Нарцисс и Златоуст
Шрифт:
Надо было проститься с красавицей Агнес, никогда больше не увидит он ее статной фигуры, ее светлых солнечных волос, ее холодных синих глаз, не увидит, как слабеет и тает в них высокомерие, не увидит нежный золотистый пушок на ее благоухающей коже. Прощайте, синие глаза, прощайте, влажные трепетные губы. Он надеялся еще не раз целовать их. О, еще сегодня, на холмах, под поздним осенним солнцем, он с нежностью думал о ней, принадлежал ей, тосковал по ней!
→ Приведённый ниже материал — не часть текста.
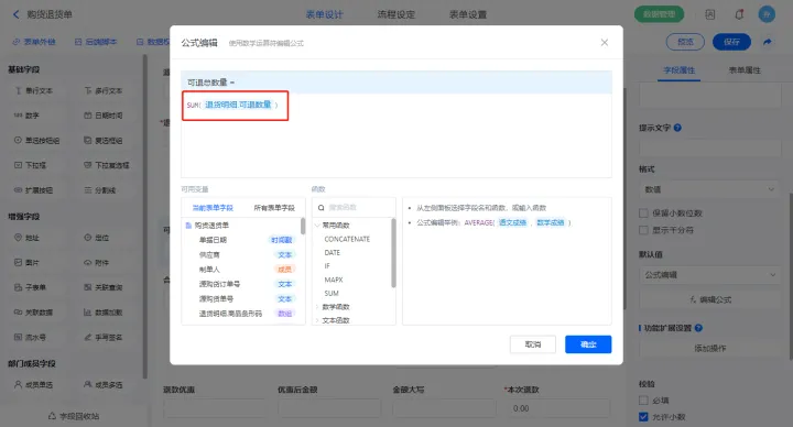 1)【退货明细.可用库存】、【退货明细.购货单价】、【退货明细.含税单价】、【退货明细.含税单价】、【退货明细.折扣额】、【退货明细.金额】、【退货明细.税率(%)】、【退货明细.税额】、【退货明细.价税合计】、【退货明细.价税合计】、【合计数量】、【合计折扣额】、【合计金额】、【合计税额】、【合计价税合计】、【优惠金额】、【优惠后金额】、【金额大写】、【商品统计】、【总采购费用】以上字段如2.2设置公式;选择【可退总数量】字段,设置默认值为公式编辑,如图设置公式;

Но проститься надо было и с холмами, с солнцем, с голубым небом, усеянным белыми облаками, с деревьями и лесами, со странствиями, с рассветами и закатами, с временами года. Мария, должно быть, еще не спала, бедная Мария, с добрыми любящими глазами и хромающей походкой, сидела на кухне, засыпая и просыпаясь снова, а Златоуст все не возвращался.
А
Проститься надо было и со своими руками, со своими глазами, с голодом и жаждой, с едой и питьем, с любовью, с игрой на лютне, со сном и пробуждением, со всем. Пролетит завтра птица в небе, но Златоуст ее уже не увидит, запоет за окном девушка, но он уже не услышит ее песни, будет струиться речной поток с безмолвно мелькающими в нем темными рыбами, поднимется ветер и погонит по земле желтую листву, будут светить солнце и звезды в небе, парни и девушки пойдут на танцы, на склоны далеких гор ляжет первый снег — все будет идти своим чередом, деревья будут отбрасывать тени, люди будут смотреть весело или печально своими живыми глазами, собаки лаять, коровы мычать в своих хлевах, и все без него, ему это уже не принадлежит, от всего он оторван.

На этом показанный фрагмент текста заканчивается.